Pathologization and deference to mental health professionals emerge in many Transition Towns. In The Transition Handbook: From Oil Dependency to Local Resilience, founder Rob Hopkins boldly outlined how ordinary citizens can lead climate-friendly innovations in transportation, energy, food, finance, governance, and more. Yet when it came to feelings, Hopkins wrote that he had “no background in psychology,” and let a professional psychologist write that chapter.
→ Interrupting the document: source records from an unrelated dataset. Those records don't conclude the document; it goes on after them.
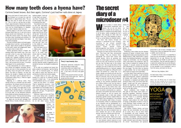 Whenever I spend an hour with Tracy , I come away having had a wonderful far-ranging conversation alongside an excellent beauty treatment . Not only do we talk about hyenas , Tracey ’ s favourite animals , we often end up laughing like them , too .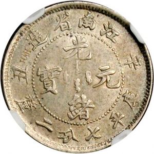 The specimen shown was lot 21394 in Ponterio sale 165 (Hong Kong, April 2012), where it sold for US$1135. The catalog description[1] noted, "CHINA. Kiangnan. 7.2 Candareens (10 Cents), CD (1901). NGC MS-62. 辛丑江南省造光緒元寶七分二厘銀幣。 "HAH"。NGC MS-62.”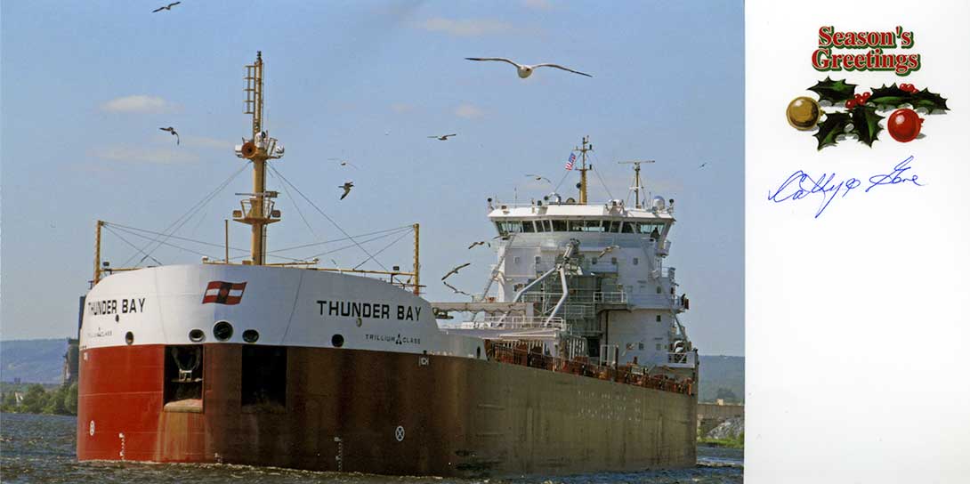 A tradition among boat watchers is to take your best photograph of the season and send the picture featured on a holiday greeting card. Here we see a selection of cards sent into this web site.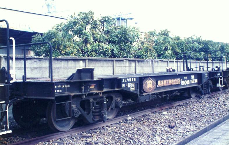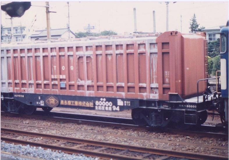 昭和51年より44両が製作された生石灰コンテナを輸送する私有長物車です。ホッパ車で生石灰を輸送していた製鉄所が移転し、最寄り駅までを鉄道、そこから道路輸送で輸送する方法になったため、専用のコンテナが用意され、それを積載する本形式が製作されました。チキ80000は先行試作車で、以降量産車となります。

Chris Johnstone diagnosed us all as oil “addicts” and prescribed self-reflection steps, methods of public engagement, and meeting procedures for activist groups based on treatment programs for substance use disorders.
“Inner Transition” subcommittees often morph into ad hoc emotional support groups, but pathologizing influences still emerge: A resource from a recent webinar circulated through Transition Network advises that mental health treatments can help distressed activists avoid getting addictively “stuck” in “flawed,” imbalanced “brain chemistry.” A shared Post Carbon Institute essay regurgitates antidepressant ad pseudoscience, contending that we struggle to build a more resilient society because we seek dopamine hits while serotonin “spreads happiness signals” and “too little leads to depression.” A workshop on managing reactions to climate change concludes with contacts for mainstream mental health services.
I presented some of these examples to Don Hall, co-director of Transition US, and he emphasized that Transition Towns are mostly independent, volunteer-driven, and engaged in practical projects. “We’re not saying we’re equipped to deal with acute mental health crises,” said Hall.
Yet, I responded, no Transition groups end talks about, say, revitalizing local economies, by advising people with “acute” money problems to consult mainstream credit providers. Why direct people to mainstream mental health services?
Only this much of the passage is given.